Ice-T singles chronology
| "Somebody Gotta Do It" (1987) | "Colors" (1988) | "I'm Your Pusher" (1988) |

= Colors (Ice-T song) =

"Colors" is a song by American rapper Ice-T, co-produced by Afrika Islam, featuring DJ Eric Garcia, or Evil E. It was issued as the title track for the soundtrack to the film of the same name.

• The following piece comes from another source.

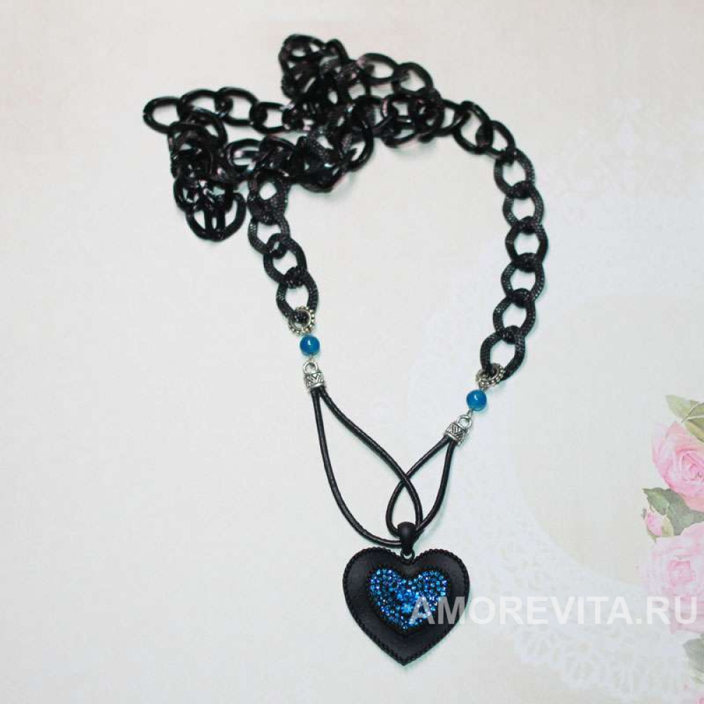 Кулон черного цвета в виде двойного сердца с синими кристаллами, бусинками натурального Агата синего цвета, на черных гладких шнурах из натуральной кожи и на крупной цепи черного цвета. Цепь с лицевой стороны с рифлением, с оборотной стороны - гладкая.

The song was released as a single in 1988. In 2008, it was named the 19th-greatest hip hop song of all time by VH1. The song was Ice-T's first to chart on the US Billboard Hot 100, where it peaked at number 70.The song samples "Ain't We Funkin' Now" by The Brothers Johnson.

Ice-T himself re-recorded the song with his band Body Count in 2020 for the album, Carnivore.

In 2021, gang scholar and sociology professor Stefano Bloch, aka "Cisco," called "Colors" "the greatest sociological text ever written on gang activity and identity".

==Charts==

| Chart (1988) | Peak position |
|---|---|
| U.S. Billboard Hot 100 | 70 |
| U.S. Billboard Hot Black Singles | 77 |

==Cover versions==
- In 1996, the song was covered by Society Burning for the electro-industrial various artists compilation, Operation Beatbox.
- The song was covered by the groove metal band Machine Head and released on the 1997 bonus disc version of their album, The More Things Change...
- C-Murder made a remake called "Cluckers" (featuring Fiend) on his debut album, Life or Death, in 1998.